Over the past several years, the body of case law concerning the labeling, marketing, and advertising of food and beverages has steadily grown. A recent decision by the United States Court of Appeals for the Third Circuit, while not precedential, has added to this body of law. On May 9, 2013, the Third Circuit affirmed the District of New Jersey’s dismissal of a putative class action involving food labeling misrepresentation, providing another example of the strength of “federal preemption” as a defense to misrepresentation claims.

In Young v. Johnson & Johnson, No. 12-2475, 2013 WL 1911177 (3d Cir. May 9, 2013), plaintiffs alleged that Johnson & Johnson’s butter and margarine substitutes, Benecol® Regular Spread and Benecol® Light Spread (collectively “Benecol”), were falsely and misleadingly labeled. The alleged misrepresentations pertained to J&J’s assertions that Benecol contained no trans fat and had cholesterol-lowering capabilities. The plaintiffs asserted “labeling misrepresentation” rather than “false labeling” because Benecol does in fact contain small amounts of trans fat. But the court found that the federal Food, Drug and Cosmetic Act (“FDCA”), as amended by the Nutrition Labeling and Education Act (“NLEA”), expressly preempted the plaintiffs’ suits. The NLEA governs food nutritional labeling and expressly preempts state-imposed nutrition labeling requirements.
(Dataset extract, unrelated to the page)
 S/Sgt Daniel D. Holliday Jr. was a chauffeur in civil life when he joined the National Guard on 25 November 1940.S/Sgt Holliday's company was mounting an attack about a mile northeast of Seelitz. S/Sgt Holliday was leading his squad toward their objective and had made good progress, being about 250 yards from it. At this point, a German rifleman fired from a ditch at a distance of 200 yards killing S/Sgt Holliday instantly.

As such, states cannot impose requirements for nutrition labeling of food or beverages or for nutritional or health-related claims that are not “identical” to the requirements set forth in the Act.

The United States Food and Drug Administration (“FDA”) regulations allow manufacturers to make “nutrient content claim[s]” for their products, such as “no trans fat,” provided that the product contains less than 0.5 grams per serving and the label is not “false or misleading.” 21 C.F.R § 101.13(b), 101.13(i)(3). Furthermore, in the interest of avoiding consumer confusion, the FDA regulations allow the manufacturer to make statements as to nutrient content based on per serving amounts, even if the overall nutrient content claims per product are not entirely accurate. Under these standards, the Third Circuit agreed with the District Court that the words “no trans fat” on the Benecol label were permissible and not misleading. The plaintiffs’ attempt to challenge the nutrient labeling under state law was preempted by the regulations promulgated by the FDA. The Third Circuit also found that the plaintiffs’ cause of action as to the product’s health claim was similarly preempted by federal law holding that Benecol’s cholesterol claims satisfied FDA regulations, which authorize health claims so long as they are “complete, truthful, and not misleading.” 21 C.F.R § 101.14(d)(2)(iii).
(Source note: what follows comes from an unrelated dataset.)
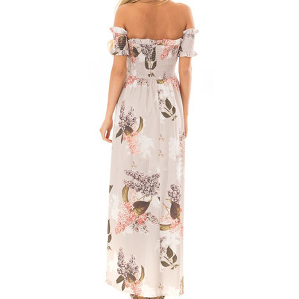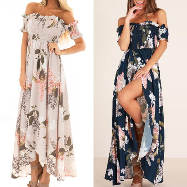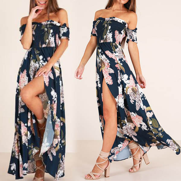 an easy transition. Boasts vibrant floral print,the off-shoulder boat neck and slit hem design make this

By means of the Young decision, the Third Circuit joins other federal courts in demonstrating the power of federal preemption theory as a defense in cases involving alleged misrepresentative labeling. In Carrea v. Dreyer’s Grand Ice Cream, Inc., 475 F. App’x 113, 115 (9th Cir. 2010), the United States Court of Appeals for the Ninth Circuit held that the plaintiffs’ allegations regarding a “0g Trans Fat” statement on an ice cream product’s packaging was expressly preempted by FDA regulations, to which the labeling conformed. Similarly, in Chacanaca v. Quaker Oats Co., 752 F. Supp. 2d 1111, 1121 (N.D. Cal. 2010), the court concluded that the FDCA preempted state action imposing requirements on nutrient content claims made by a food manufacturer “in the label or labeling of food that is not identical to the requirement[s]” of federal regulation. In Reid v. Johnson & Johnson, No. 11-cv-01310-L-BLM, 2012 WL 4108114, at *10 (S.D. Cal. Sept. 18, 2012), the court found that federal regulation allows for “no trans fat” claims on Benecol labeling.

As the wave of food labeling litigation continues, the implications of these decisions will be far-reaching. An increasing number of food and beverage products are marketed and labeled as “all natural” or “healthy,” and the amount of litigation concerning the labeling, marketing and advertising of these products seems also to be on the rise. The federal preemption defense will be an important weapon in the battle, along with the proven defenses based upon freedom of commercial speech, the standing doctrine, and the primary jurisdiction doctrine. Preemption theory being wholly dependent upon the wording of federal statutes and regulations, the food and beverage industry would be wise to be watchful of any attempts seek amendment of relevant laws.